Tal como indica Judith Butler en su propuesta, no hay una esencia que deba ser expresada o manifestada. La identidad no se encuentra en un centro al cual se deba llegar para dejar salir a flote. Esta se construye en la medida en la que se vive y así se forma la ilusión de un yo que cree ser lo que es. Así el cuerpo humano se soporta. ¿Es la identidad lo que soporta al cuerpo o es el cuerpo el que soporta la identidad? En el caso de las subjetividades transgénero, la escritura en el cuerpo, en el cual se reestablecen pronombres y una nueva firma, hay algo del orden del lenguaje que hace eco en su propio movimiento. Actualmente observamos que las categorías hombre y mujer han sido puestas en duda. Se transita todo el tiempo, en la medida en que se ‘”busca” quién se es. Sin embargo, vivir en la indeterminación sería un problema de angustia, de una ambigüedad que el mundo no permite. Todo lo que no calce en una u otra etiqueta, es catalogado de extraño, anómalo.

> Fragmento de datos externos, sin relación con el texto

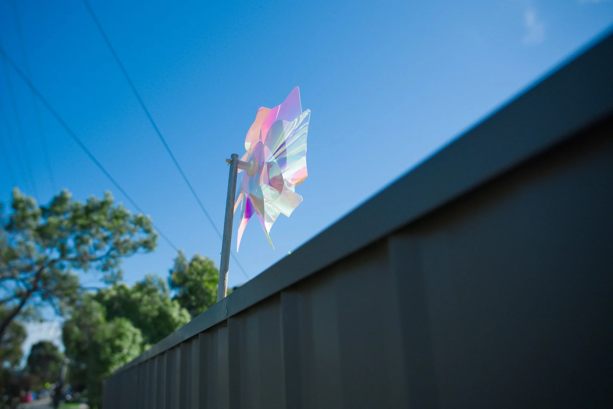 Photo of a colourful, decorative windmill affixed to a residential fence with a sturdy wooden stick. The windmill has wide, rounded sails made out of multi-coloured, translucent plastic in shades of blue, pink, and purple.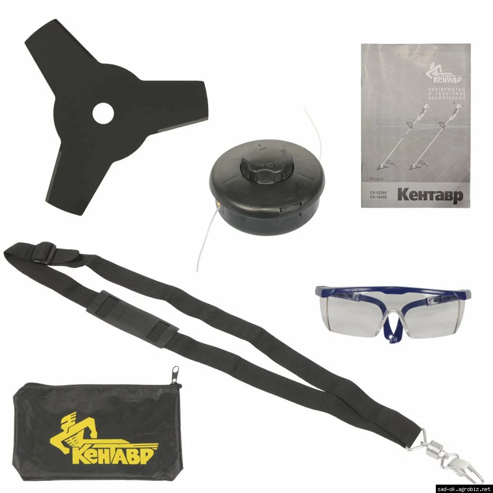 Электрокоса Кентавр СК-1438Е имеет расширинную комплектацию. В комплект поставки данной модели входят наплечный ремень с карабином, 3-зубчатый режущий нож, шпуля с леской, большой защитный кожух, удобные защитные очки, сумка с логотипом торговой марки с запасными инструментами и принадлежностями.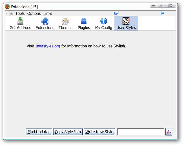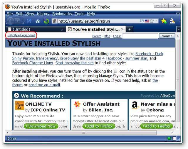 ایکسٹینشن انسٹال کرنے کے بعد آپ کو پہلے رن پیج کے ساتھ پیش کیا جائے گا۔ آپ اسے کھلا رکھنے کے خواہاں ہوسکتے ہیں تاکہ آپ اوپری بائیں کونے میں موجود لنک کو استعمال کرتے ہوئے UseStyles.org ویب سائٹ کو براہ راست براؤز کرسکیں۔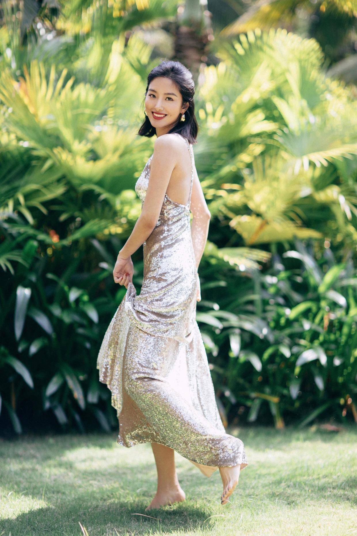 露背裙装对于杨采钰来说也是凹造型的利器,毕竟她身材好,后背也没有赘肉,穿上这种亮丽的银色露背连衣裙,也可以体现大面积的肌肤,时尚度爆棚哦,非常适合约会或者是参加活动,能赚足回头率。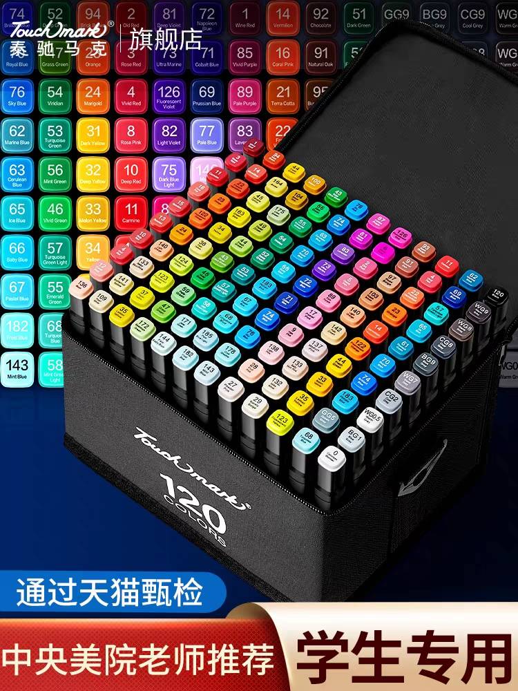 Touchmark马克笔48色油性速干双头水彩笔学生儿童美术绘画专用不透色24/36/60/80色小学生动漫彩笔画笔套装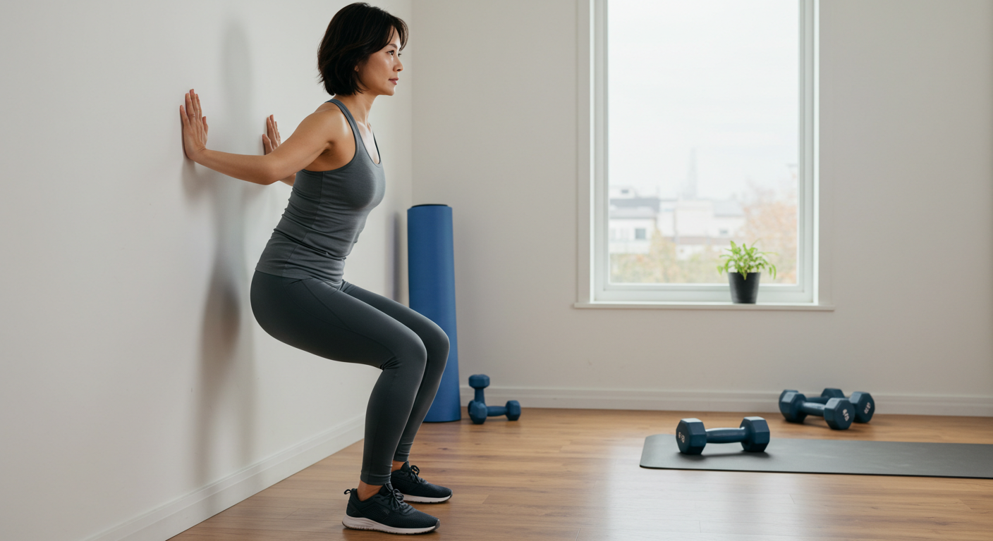 벽에 등을 붙이고 무릎을 90도 정도 굽힌 채 앉았다 일어나는 운동입니다. 복부와 허리 근육을 동시에 강화할 수 있어 ‘ 허리디스크에 좋은 운동 방법’ 중 매우 실용적입니다. 의자에 앉는 듯한 동작이 부담 없이 가능하기 때문에 4050세대에게 적합하죠.

Escribo en Google la palabra disforia. Desde que inicié mi tránsito, cuando me di cuenta de que había algo que no me acomodaba, me dijeron que ese era el concepto que se me asignó para adecuarme a una sintomatología. Y no sabría explicarlo bien, había algo en el espejo, en la memoria que me juega siempre bromas con sus fallas y ficciones, en las palabras que me recortaban, en el nombre que dejó de nombrarme en bocas ajenas. Al entrar en los resultados de mi búsqueda, lo primero que aparece es una publicación de la Clínica Mayo. Entonces me doy cuenta que mi madre y su religiosidad no son el único problema, es que el mundo ve en mi identidad algo que se padece como una enfermedad. Porque seguido de ello aparece confusión, angustia, depresión, ansiedad.
Me pregunto qué me gustaría que apareciera al escribir la palabra transgénero. Y, después de un rato, de un recuerdo en el que Paul Preciado habla en mi cabeza sobre este asunto como una cuestión de cruces, pienso que me gustaría que apareciera la imagen de un viaje, un movimiento que va de palabra en palabra y que se posa de una u otra manera en el cuerpo, un soporte que permite hacer de la migración de identidades un modo de vida, un estar presente a través de una pregunta eterna por la que siempre habrá que buscar una respuesta.